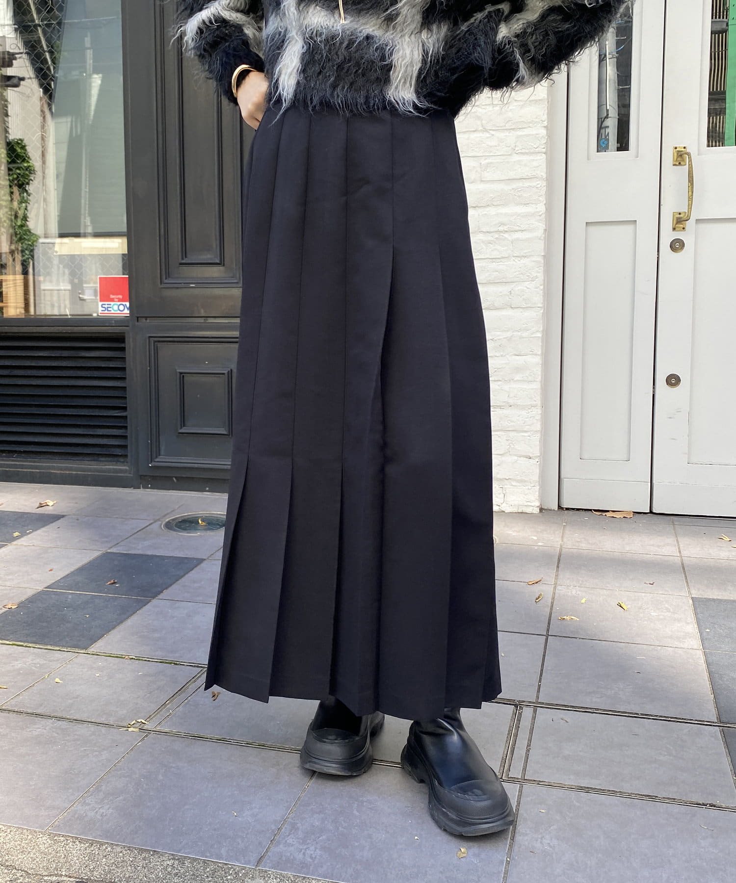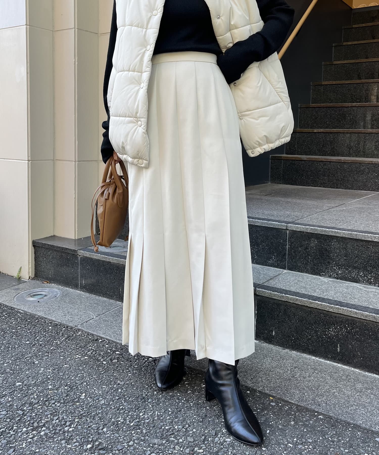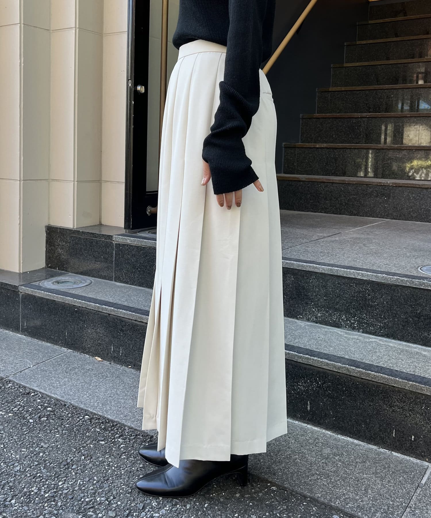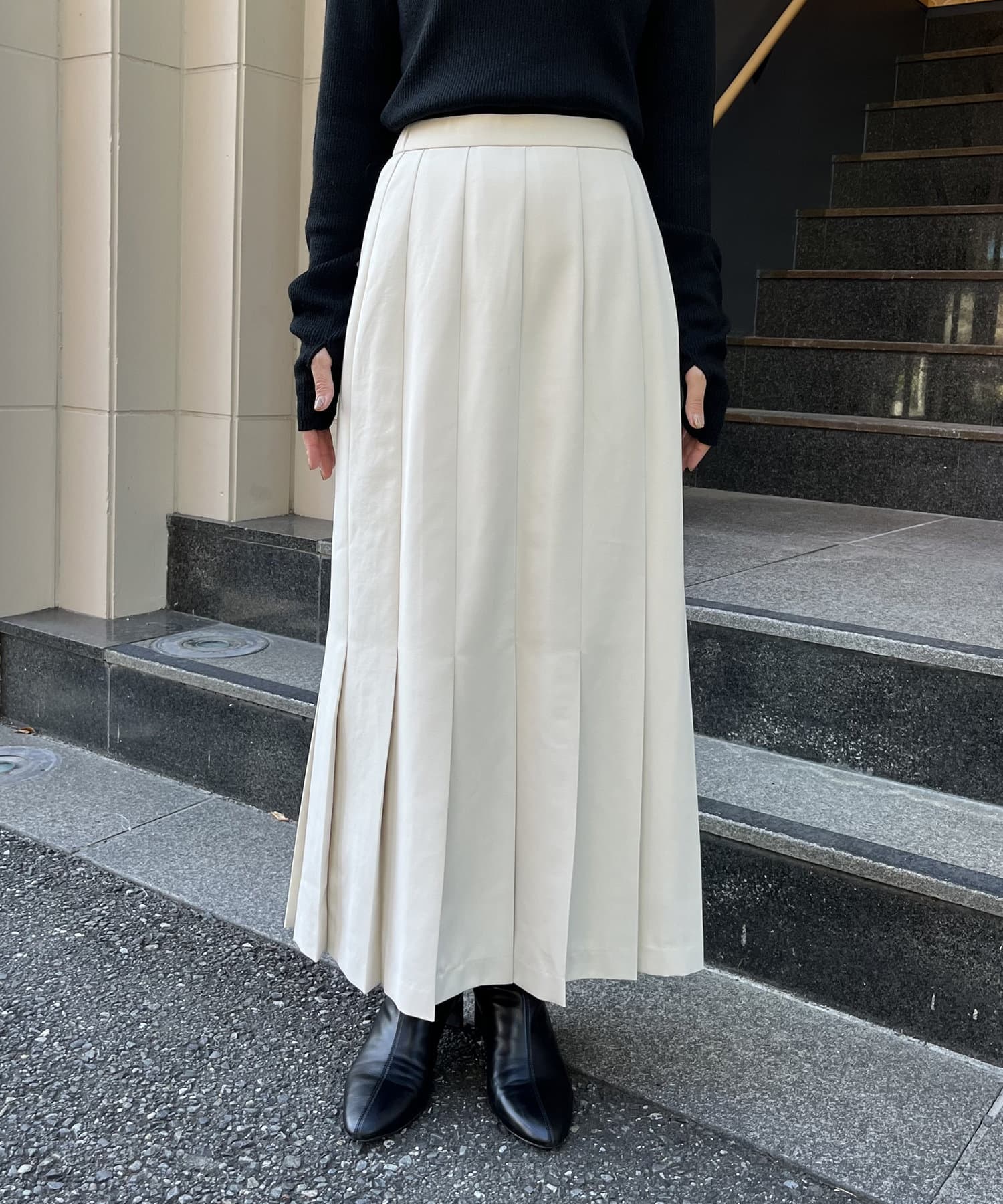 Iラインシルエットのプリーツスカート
* * *
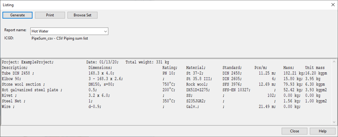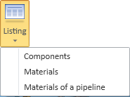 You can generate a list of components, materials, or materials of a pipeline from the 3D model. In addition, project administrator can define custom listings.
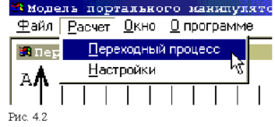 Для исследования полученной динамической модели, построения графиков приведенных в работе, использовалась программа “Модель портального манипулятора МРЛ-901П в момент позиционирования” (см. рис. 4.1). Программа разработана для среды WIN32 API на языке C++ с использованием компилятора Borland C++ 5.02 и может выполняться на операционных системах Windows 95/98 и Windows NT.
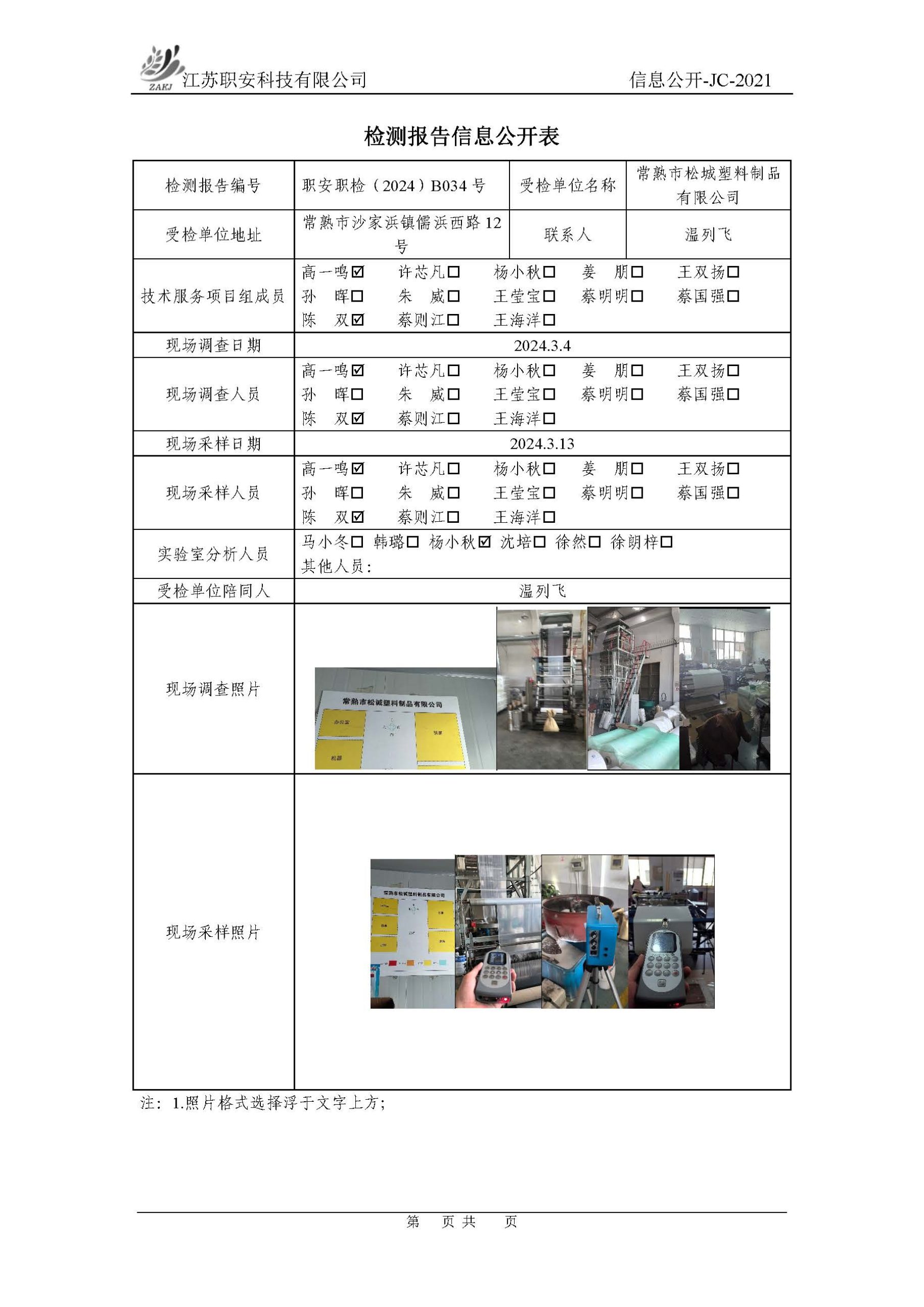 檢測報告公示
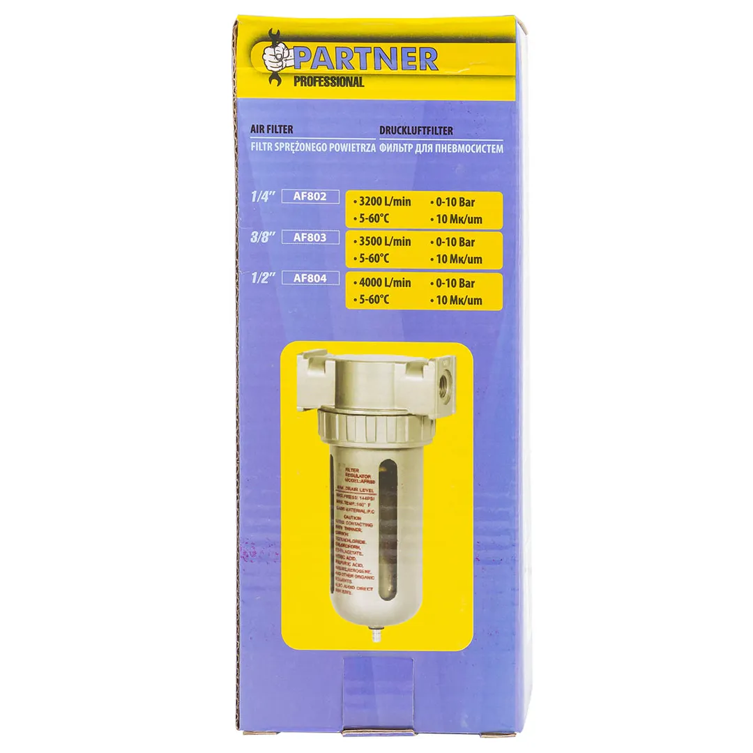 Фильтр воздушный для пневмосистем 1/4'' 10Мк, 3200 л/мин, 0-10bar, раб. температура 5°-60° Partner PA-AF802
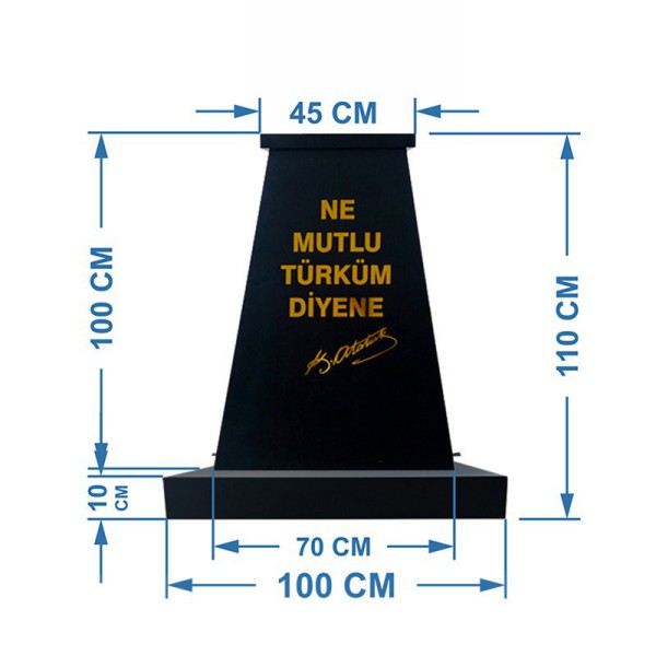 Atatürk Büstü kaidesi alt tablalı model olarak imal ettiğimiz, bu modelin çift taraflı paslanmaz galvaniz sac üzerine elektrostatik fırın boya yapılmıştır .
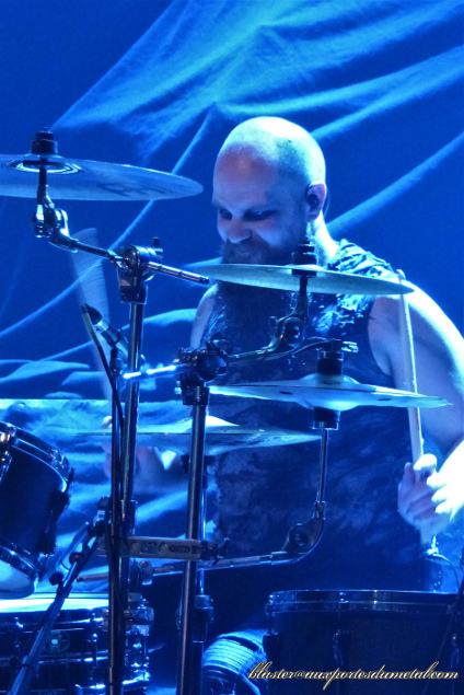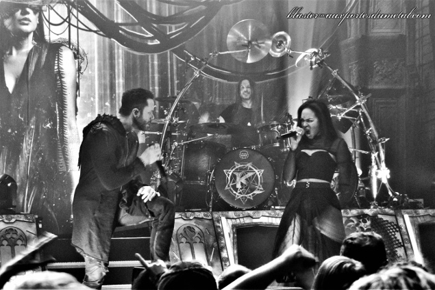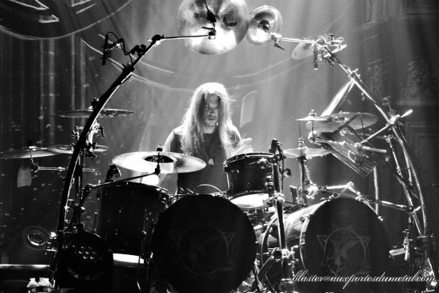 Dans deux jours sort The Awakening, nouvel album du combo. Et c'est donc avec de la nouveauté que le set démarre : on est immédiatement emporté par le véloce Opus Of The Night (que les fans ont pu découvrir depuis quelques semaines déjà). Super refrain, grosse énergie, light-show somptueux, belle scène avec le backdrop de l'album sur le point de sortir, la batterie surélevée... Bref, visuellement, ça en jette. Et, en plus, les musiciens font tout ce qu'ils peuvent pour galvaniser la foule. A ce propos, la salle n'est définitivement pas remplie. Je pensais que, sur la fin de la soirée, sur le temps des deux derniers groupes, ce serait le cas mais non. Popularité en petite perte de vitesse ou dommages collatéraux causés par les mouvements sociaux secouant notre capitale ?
--
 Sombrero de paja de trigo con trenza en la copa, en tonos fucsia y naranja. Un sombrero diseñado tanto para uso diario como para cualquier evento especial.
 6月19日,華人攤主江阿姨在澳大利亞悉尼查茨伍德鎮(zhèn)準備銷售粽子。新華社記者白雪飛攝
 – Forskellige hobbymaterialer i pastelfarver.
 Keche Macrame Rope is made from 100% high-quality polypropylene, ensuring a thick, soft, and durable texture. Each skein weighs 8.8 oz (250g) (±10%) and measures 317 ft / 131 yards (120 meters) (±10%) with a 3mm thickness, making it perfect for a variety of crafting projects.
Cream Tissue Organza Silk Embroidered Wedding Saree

#### [Exercise instructions]
Please copy the lines above from the line with "Keche Macrame Rope" up to and including the line with "Cream Tissue Organza", exactly as written and with nothing else.

#### [Response to this task]
 Keche Macrame Rope is made from 100% high-quality polypropylene, ensuring a thick, soft, and durable texture. Each skein weighs 8.8 oz (250g) (±10%) and measures 317 ft / 131 yards (120 meters) (±10%) with a 3mm thickness, making it perfect for a variety of crafting projects.
Cream Tissue Organza Silk Embroidered Wedding Saree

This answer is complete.